CASIA OpenIR > 毕业生 > 博士学位论文

	基于特征表示和度量学习的大规模目标检索
	郭海云1,2
	2018-05-28
学位类型	工学博士
中文摘要	随着互联网的快速发展和图像采集设备的日益普及，视频图像数据呈现出爆炸式增长的趋势。对于海量的图像数据，如何高效准确地从中获取与用户查询相关的目标信息，是大规模目标检索的关键性问题，也是学术界和工业界共同关注的研究热点。目标检索两大核心要素在于高效的目标特征表示和有效的特征距离度量。特征表示学习旨在从图像中学习具有判别力的目标特征。而度量学习致力于学习一种特征之间的距离度量来有效地反应目标之间的语义相似性。传统的目标检索方法通常采用基于人工设计的图像特征来描述目标，然而这种底层的图像特征不足以描述目标丰富的高层语义内容，形成了“语义鸿沟”。此外，传统的目标检索方法通常将特征提取和距离度量分为单独两个步骤，实际上，高效的特征表示可以降低度量学习的难度，而有效的度量学习也有助于学习更具有判别力的特征表示。针对传统目标检索方法的不足，考虑到卷积神经网络（Convolutional Neural Network，简称CNN）在视觉识别任务中的优势，本文分别从特征表示和度量学习的角度展开深入研究，提出了多种基于CNN的目标检索方法，显著提升了大规模目标检索的性能。一方面，CNN可以从图像中提取出丰富的语义信息，从而学习到语义层级更高的特征表示。另一方面，通过设计合理的CNN网络结构和监督损失函数，可以将特征表示和度量学习纳入一个端到端的学习框架，从而同时学到更具有判别力的特征表示和更有效的距离度量。本文主要研究内容和贡献归纳如下： 1、针对基于CNN提取的高维特征导致大规模目标检索效率低下的问题，本文提出了一种基于紧凑特征表示学习的目标检索方法。该方法通过自动编码机将CNN提取的高维特征压缩为低维二值的紧凑特征编码。在此基础上，本文采用引导聚焦算法（Bootstrap aggregating，简称Bagging）来组合多个自动编码机，从而有效减小泛化误差，并且进一步提升了目标检索的准确度。此外，Bagging自动编码机适合于并行计算，保证了训练和检索的效率。
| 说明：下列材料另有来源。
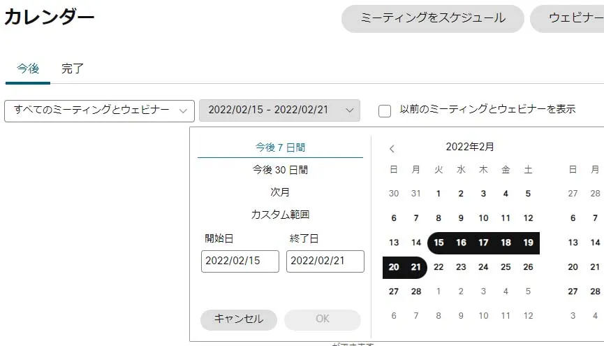 • ホーム画面には一週間以内に開催されるミーティング・ウェビナーが表示されます.それ以降のミーティングを選択したい場合はホーム画面左の「カレンダー」をクリックして,日付を指定して検索します.
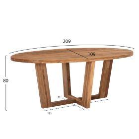 HM9558---Μεγάλο τραπέζι σε οβάλ σχήμα, κατασκευασμένο εξολοκλήρου από μασίφ ξύλα ΤΕΑΚ στο φυσικό τους χρώμα. Στηρίζεται σε μια χιαστί διάταξη ποδιών κατασκευασμένα από το ίδιο στιβαρό ξύλο. Ένα τραπέζι που θα ενθουσιάσει τους πάντες με το ικανοποιητικό μέγεθός του και την αντοχή του. Εσείς το μόνο που έχετε να κάνετε είναι να βρείτε τις καρέκλες που θα ταιριάξουν με αυτό το υπέροχο τραπέζι!

实验结果表明，该方法在尽量不降低检索精度的前提下可以显著加快目标检索的速度。 2、针对基于语义类别分类训练的CNN对目标颜色属性描述力不足的问题，本文提出了一种基于多深度卷积特征学习的目标检索方法。具体来说，本文设计了一种颜色CNN来提取目标的深度卷积颜色特征，与传统颜色特征相比，该特征更具有颜色描述力和判别力。然后将其与基于语义类别分类训练的CNN提取的深度卷积结构特征进行有效融合，从而形成多视角全面综合的目标特征表示。实验结果表明，本文提出的这种基于颜色属性和结构属性协同表达的目标检索框架，能够有效提升单一深度卷积特征的目标检索性能。 3、针对多视角三维目标检索任务中，基于分类损失监督训练的CNN提取的目标特征判别力不足的问题，本文提出了一种基于深度映射网络的多视角三维目标检索方法。具体来说，本文设计了一种基于分类损失和三元组损失联合优化的深度映射网络，可以将目标图像映射到一个欧式度量空间，使得特征之间的欧氏距离可以直接反应目标之间的语义相似性。基于此，深度映射网络的学习过程等价于特征表示和距离度量端到端的学习过程，因此该方法可以同时学到更具判别力的特征表示和更高效的距离度量。实验结果表明，该方法以12%的性能提升超过了当前最好的三维目标检索方法。 4、针对车辆检索任务中复杂的类内类间差异，本文提出了一种基于结构化特征度量学习的车辆检索方法。具体来说，本文设计了一种层级式排序损失，可以将同一辆车的图像紧凑地聚集到一起，同时有效增大不同车辆以及不同车型之间的间距。基于该损失的监督，CNN能够由粗到细地学到一个结构化特征度量空间，使得特征之间的类内紧凑性和类间判别性得到有效增强，从而刻画出车辆图像之间多层级的语义相关性。实验结果表明，该方法可以将之前最好的车辆检索方法的性能提升约10%。与此同时，本文还发布了一个当前最大的车辆检索数据集，包含了不同光线、视角、监控场景下拍摄的近一百万张车辆图片，将有效推动车辆检索领域的研究进展。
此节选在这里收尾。